**INFORMATION PROVIDED**:
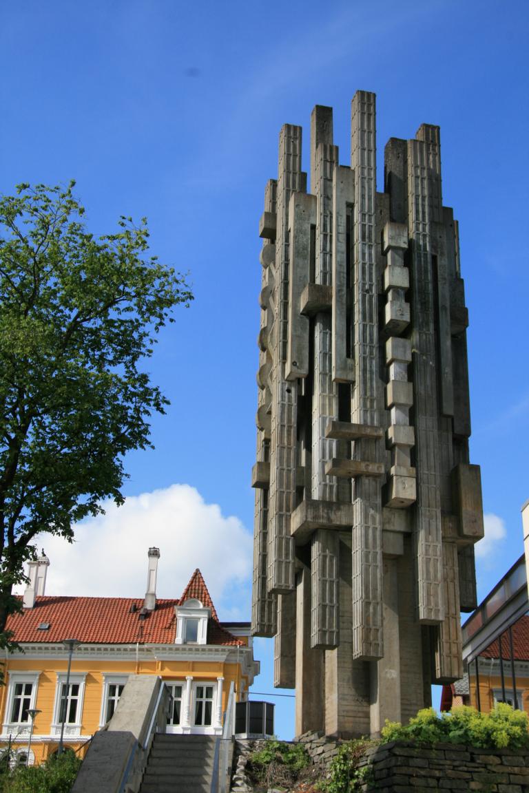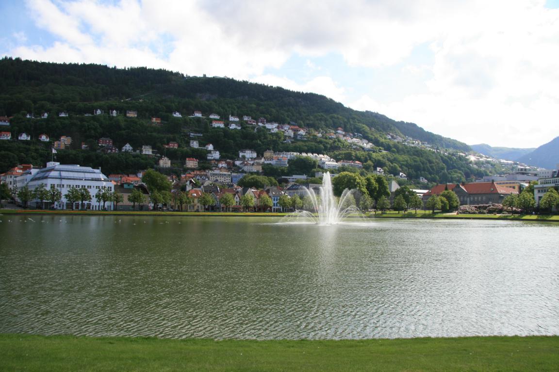 Dahinter kommt ein Park, den ich eher schnell durchlaufe, denn hier halten sich doch merkwürdige Gestalten auf und es liegt viel Müll herum.Ich komme dann in der Nähe der Griegkonzerthalle heraus, ein modernes,mich nicht ansprechendes Gebäude, das ich auch nicht fotografiert habe. Jetzt wende ich mich in Richtung des kleinen Gewässers, das in der Stadt liegt
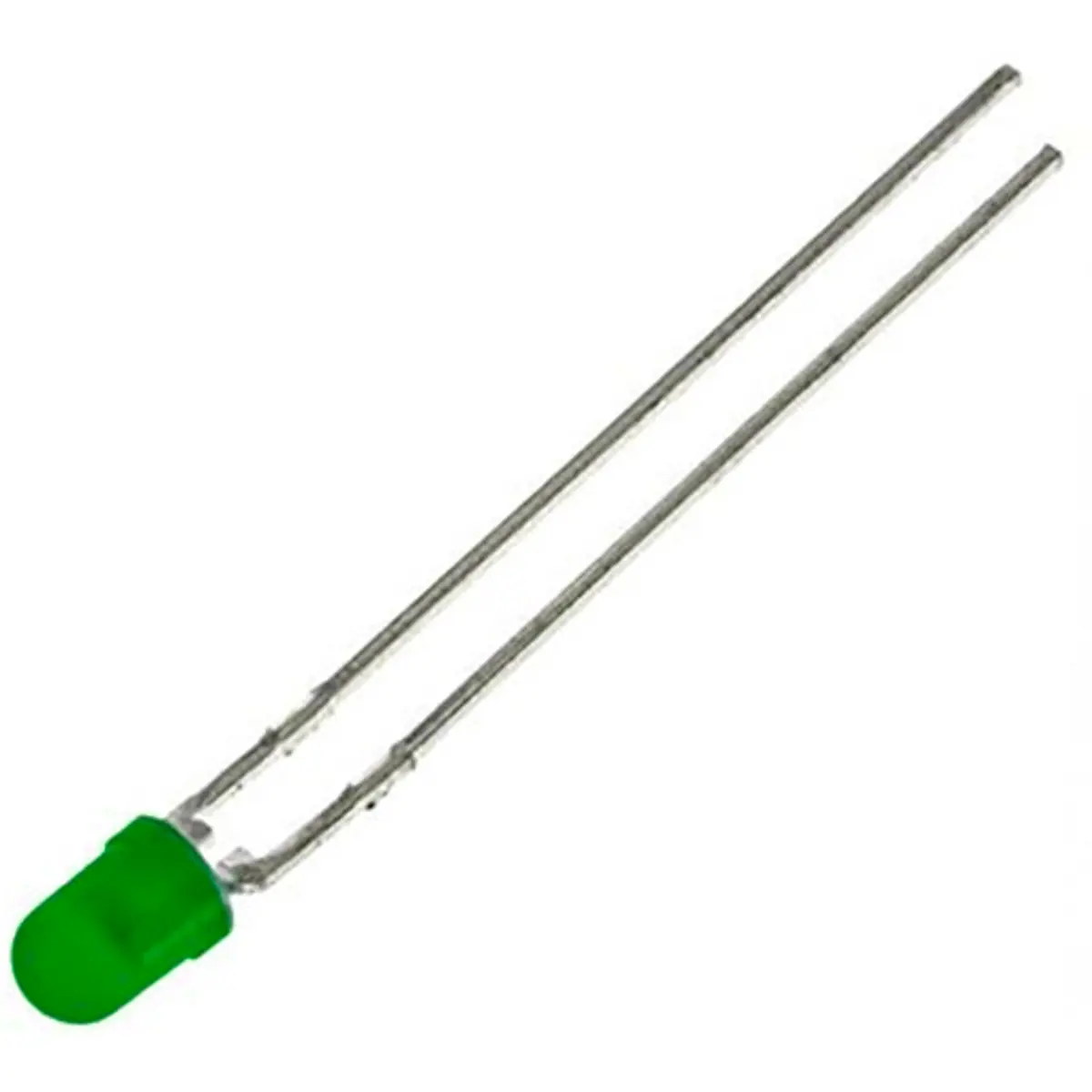 LED verde de 3 mm com luminosidade de 20 mcd, ângulo de abertura de 30°, e comprimento de onda entre 565 e 575 nm. Opera a 20 mA com tensão de funcionamento entre 1,8 e 2,4 V. Montagem THT (Through-Hole) com distância entre pinos de 2,54 mm, adequado para montagem em PCB. Ideal para indicar estados, sinalização e iluminação discreta em circuitos eletrónicos.
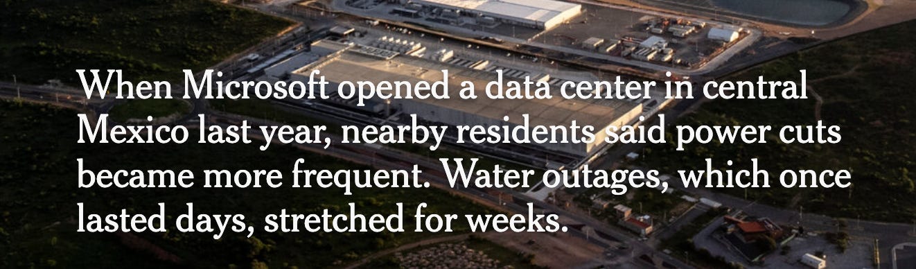 The New York Times ran a piece about a data center in Mexico causing regional water shortages. The article featured photos of residents suffering from lack of water.

**TASK**:
Please reproduce the whole listing exactly; the pictures stay out.

**ANSWER SPACE**:
 Dahinter kommt ein Park, den ich eher schnell durchlaufe, denn hier halten sich doch merkwürdige Gestalten auf und es liegt viel Müll herum.Ich komme dann in der Nähe der Griegkonzerthalle heraus, ein modernes,mich nicht ansprechendes Gebäude, das ich auch nicht fotografiert habe. Jetzt wende ich mich in Richtung des kleinen Gewässers, das in der Stadt liegt
 LED verde de 3 mm com luminosidade de 20 mcd, ângulo de abertura de 30°, e comprimento de onda entre 565 e 575 nm. Opera a 20 mA com tensão de funcionamento entre 1,8 e 2,4 V. Montagem THT (Through-Hole) com distância entre pinos de 2,54 mm, adequado para montagem em PCB. Ideal para indicar estados, sinalização e iluminação discreta em circuitos eletrónicos.
 The New York Times ran a piece about a data center in Mexico causing regional water shortages. The article featured photos of residents suffering from lack of water.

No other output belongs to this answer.